Your instructions: Repeat exactly, and only, the lines of the entries below from the one with "他にも、開店セミナーや運用セ" through the one with "3. މިތަނަކީ ވަކި", both ends included.

Data under study:
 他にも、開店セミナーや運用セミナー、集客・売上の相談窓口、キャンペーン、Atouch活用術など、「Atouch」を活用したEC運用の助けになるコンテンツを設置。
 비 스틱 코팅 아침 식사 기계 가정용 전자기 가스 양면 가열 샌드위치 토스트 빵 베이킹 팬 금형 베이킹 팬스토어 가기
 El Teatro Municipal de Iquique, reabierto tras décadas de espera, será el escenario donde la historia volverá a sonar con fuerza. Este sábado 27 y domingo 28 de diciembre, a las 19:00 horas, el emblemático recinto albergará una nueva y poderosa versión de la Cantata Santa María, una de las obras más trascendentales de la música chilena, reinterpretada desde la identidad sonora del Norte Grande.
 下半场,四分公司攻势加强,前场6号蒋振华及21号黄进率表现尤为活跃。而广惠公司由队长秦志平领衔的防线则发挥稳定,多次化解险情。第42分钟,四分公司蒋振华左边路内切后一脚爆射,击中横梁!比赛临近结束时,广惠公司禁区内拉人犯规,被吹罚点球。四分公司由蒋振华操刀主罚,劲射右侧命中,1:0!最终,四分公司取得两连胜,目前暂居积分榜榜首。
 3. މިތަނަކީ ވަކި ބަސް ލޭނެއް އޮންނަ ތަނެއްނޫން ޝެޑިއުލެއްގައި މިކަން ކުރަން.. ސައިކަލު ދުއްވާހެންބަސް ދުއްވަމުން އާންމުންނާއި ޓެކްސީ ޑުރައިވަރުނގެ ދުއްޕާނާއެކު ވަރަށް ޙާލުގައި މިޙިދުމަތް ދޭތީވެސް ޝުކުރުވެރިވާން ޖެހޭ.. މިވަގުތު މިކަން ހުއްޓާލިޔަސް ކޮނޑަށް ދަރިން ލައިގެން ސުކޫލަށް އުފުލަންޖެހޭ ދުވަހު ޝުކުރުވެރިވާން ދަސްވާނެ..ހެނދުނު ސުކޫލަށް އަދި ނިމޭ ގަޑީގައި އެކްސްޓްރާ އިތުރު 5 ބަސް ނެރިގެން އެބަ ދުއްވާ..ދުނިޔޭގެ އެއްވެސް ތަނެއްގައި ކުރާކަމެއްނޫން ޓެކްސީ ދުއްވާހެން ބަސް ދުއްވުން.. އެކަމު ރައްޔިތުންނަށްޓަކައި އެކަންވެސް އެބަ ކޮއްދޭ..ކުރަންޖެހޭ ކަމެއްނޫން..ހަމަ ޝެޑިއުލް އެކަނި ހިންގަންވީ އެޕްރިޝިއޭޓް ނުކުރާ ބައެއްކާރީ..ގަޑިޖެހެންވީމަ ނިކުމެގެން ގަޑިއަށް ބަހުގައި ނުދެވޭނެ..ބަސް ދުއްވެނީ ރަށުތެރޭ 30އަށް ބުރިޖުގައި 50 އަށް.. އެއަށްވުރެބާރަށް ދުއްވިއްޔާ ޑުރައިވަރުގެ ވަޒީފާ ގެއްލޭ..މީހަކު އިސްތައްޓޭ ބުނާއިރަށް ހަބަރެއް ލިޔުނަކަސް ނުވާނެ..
--
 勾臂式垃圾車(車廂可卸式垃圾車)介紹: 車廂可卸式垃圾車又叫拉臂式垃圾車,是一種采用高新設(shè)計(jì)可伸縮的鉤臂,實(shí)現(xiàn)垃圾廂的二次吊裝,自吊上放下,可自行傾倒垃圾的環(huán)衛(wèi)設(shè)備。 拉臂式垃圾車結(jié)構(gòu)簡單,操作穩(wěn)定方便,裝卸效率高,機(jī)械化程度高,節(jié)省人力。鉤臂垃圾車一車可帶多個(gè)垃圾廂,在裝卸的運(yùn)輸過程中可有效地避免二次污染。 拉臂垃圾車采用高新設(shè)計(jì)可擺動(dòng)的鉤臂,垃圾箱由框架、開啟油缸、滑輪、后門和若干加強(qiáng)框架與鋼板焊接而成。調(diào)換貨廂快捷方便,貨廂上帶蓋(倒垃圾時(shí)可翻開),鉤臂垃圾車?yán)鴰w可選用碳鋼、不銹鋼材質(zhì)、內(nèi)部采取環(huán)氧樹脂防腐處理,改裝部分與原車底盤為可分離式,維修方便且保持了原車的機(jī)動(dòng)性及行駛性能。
---
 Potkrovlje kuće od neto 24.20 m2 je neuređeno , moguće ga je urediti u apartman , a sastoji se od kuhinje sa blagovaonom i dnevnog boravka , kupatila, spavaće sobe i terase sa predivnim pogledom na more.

Solution below:
 他にも、開店セミナーや運用セミナー、集客・売上の相談窓口、キャンペーン、Atouch活用術など、「Atouch」を活用したEC運用の助けになるコンテンツを設置。
 비 스틱 코팅 아침 식사 기계 가정용 전자기 가스 양면 가열 샌드위치 토스트 빵 베이킹 팬 금형 베이킹 팬스토어 가기
 El Teatro Municipal de Iquique, reabierto tras décadas de espera, será el escenario donde la historia volverá a sonar con fuerza. Este sábado 27 y domingo 28 de diciembre, a las 19:00 horas, el emblemático recinto albergará una nueva y poderosa versión de la Cantata Santa María, una de las obras más trascendentales de la música chilena, reinterpretada desde la identidad sonora del Norte Grande.
 下半场,四分公司攻势加强,前场6号蒋振华及21号黄进率表现尤为活跃。而广惠公司由队长秦志平领衔的防线则发挥稳定,多次化解险情。第42分钟,四分公司蒋振华左边路内切后一脚爆射,击中横梁!比赛临近结束时,广惠公司禁区内拉人犯规,被吹罚点球。四分公司由蒋振华操刀主罚,劲射右侧命中,1:0!最终,四分公司取得两连胜,目前暂居积分榜榜首。
 3. މިތަނަކީ ވަކި ބަސް ލޭނެއް އޮންނަ ތަނެއްނޫން ޝެޑިއުލެއްގައި މިކަން ކުރަން.. ސައިކަލު ދުއްވާހެންބަސް ދުއްވަމުން އާންމުންނާއި ޓެކްސީ ޑުރައިވަރުނގެ ދުއްޕާނާއެކު ވަރަށް ޙާލުގައި މިޙިދުމަތް ދޭތީވެސް ޝުކުރުވެރިވާން ޖެހޭ.. މިވަގުތު މިކަން ހުއްޓާލިޔަސް ކޮނޑަށް ދަރިން ލައިގެން ސުކޫލަށް އުފުލަންޖެހޭ ދުވަހު ޝުކުރުވެރިވާން ދަސްވާނެ..ހެނދުނު ސުކޫލަށް އަދި ނިމޭ ގަޑީގައި އެކްސްޓްރާ އިތުރު 5 ބަސް ނެރިގެން އެބަ ދުއްވާ..ދުނިޔޭގެ އެއްވެސް ތަނެއްގައި ކުރާކަމެއްނޫން ޓެކްސީ ދުއްވާހެން ބަސް ދުއްވުން.. އެކަމު ރައްޔިތުންނަށްޓަކައި އެކަންވެސް އެބަ ކޮއްދޭ..ކުރަންޖެހޭ ކަމެއްނޫން..ހަމަ ޝެޑިއުލް އެކަނި ހިންގަންވީ އެޕްރިޝިއޭޓް ނުކުރާ ބައެއްކާރީ..ގަޑިޖެހެންވީމަ ނިކުމެގެން ގަޑިއަށް ބަހުގައި ނުދެވޭނެ..ބަސް ދުއްވެނީ ރަށުތެރޭ 30އަށް ބުރިޖުގައި 50 އަށް.. އެއަށްވުރެބާރަށް ދުއްވިއްޔާ ޑުރައިވަރުގެ ވަޒީފާ ގެއްލޭ..މީހަކު އިސްތައްޓޭ ބުނާއިރަށް ހަބަރެއް ލިޔުނަކަސް ނުވާނެ..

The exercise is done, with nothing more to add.